■ EXERCISE INPUTS
########################################
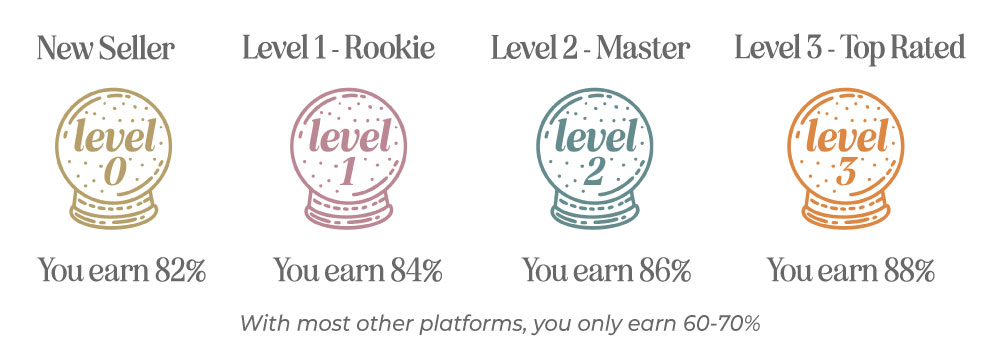 Competitive pay rates: Divinaty.com offers competitive pay rates to tarot readers or psychics. Advisors can earn up to 88 % of their session fees, which is much higher than many other psychic reading platforms (between 25% and 60 %). Check our commissions depending on your level below.
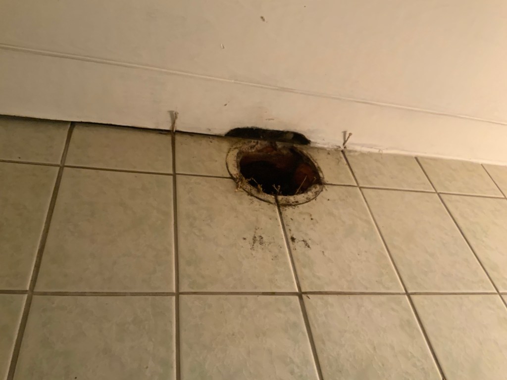 Ja lähtihän se naakanpesä vihdoin liikkumaan alaspäin. Nyt vaan tuumin, että mihinkä se risubetonikasa nyt on matkalla? Ja kun se vielä pysähtyi kun seinään mielestäni aika korkealle ollakseen piipun pohjalla, alkoi mieli taas järkkymään!
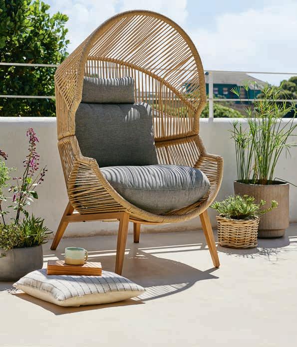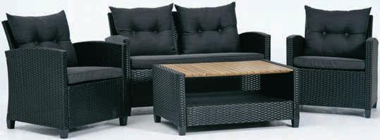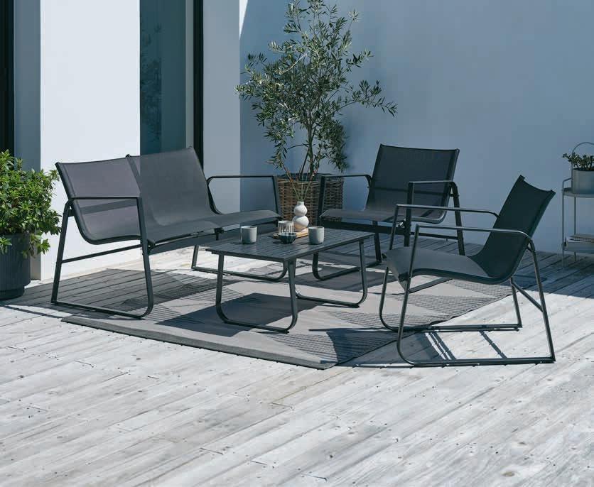 Stol: Čelik, nauljeno FSC® tvrdo drvo i petan. Š56xD93xV43 cm. Dvosjed i stolice: Čelik i petan. S luksuznim jastucima s dugotrajnom, grubo tkanom navlakom.* 549 € 400 €
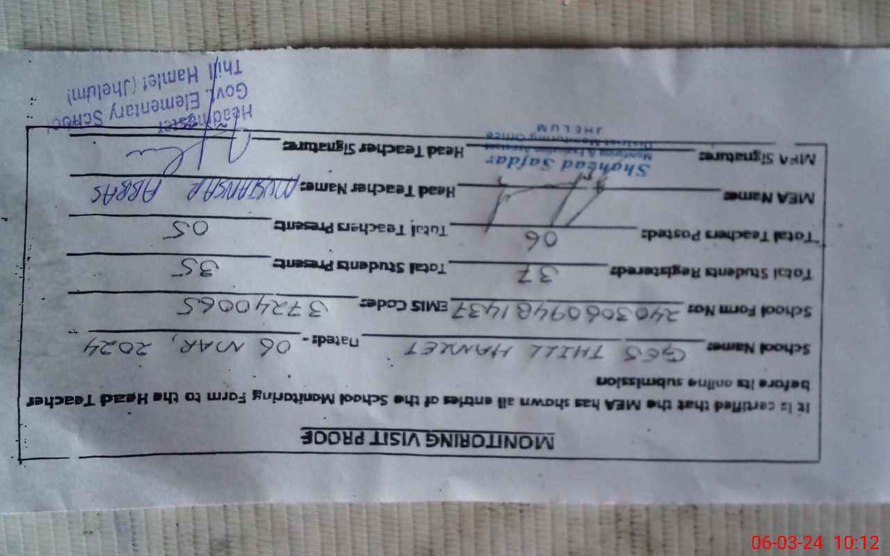 | Certified that this School was Inspected by the Undersigned MEA/DMO Today and the Information Stated Above is as Per Record. | |||||
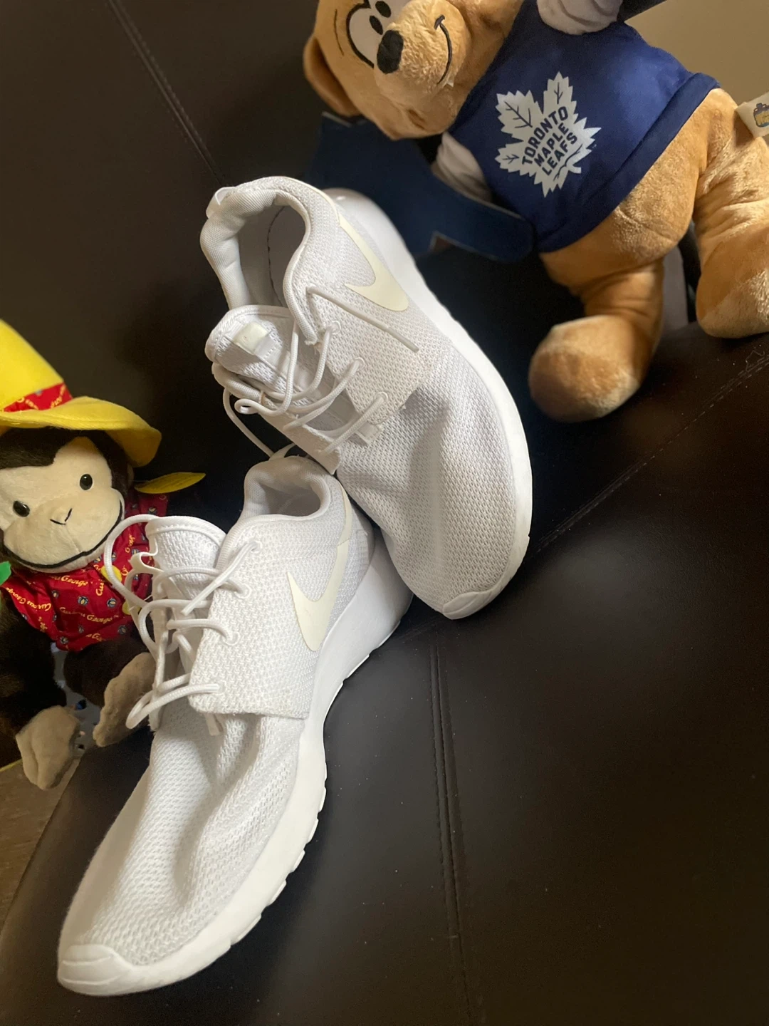 60Selling a pair of Nike Roshe One sneakers in white. They are in great condition and are a US size 10. Perfect for everyday wear!
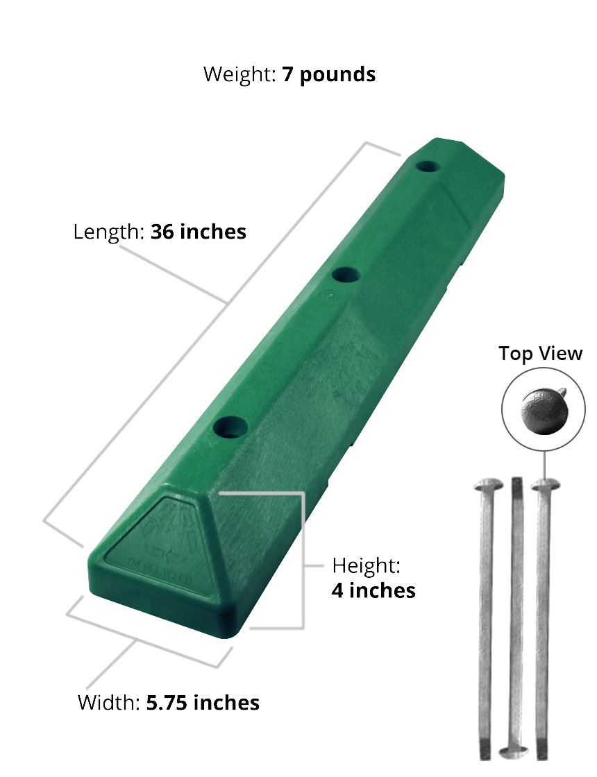 3' Green EV Recycled Plastic 'Commercial' Parking Block w/three 12" Galvanized Steel Spikes
########################################
Could you restate exactly the lines from the line containing "Record. | |||||" through the end of the listing, both ends included and nothing else, leaving the images out?

■ ANSWER SECTION
 | Certified that this School was Inspected by the Undersigned MEA/DMO Today and the Information Stated Above is as Per Record. | |||||
 60Selling a pair of Nike Roshe One sneakers in white. They are in great condition and are a US size 10. Perfect for everyday wear!
 3' Green EV Recycled Plastic 'Commercial' Parking Block w/three 12" Galvanized Steel Spikes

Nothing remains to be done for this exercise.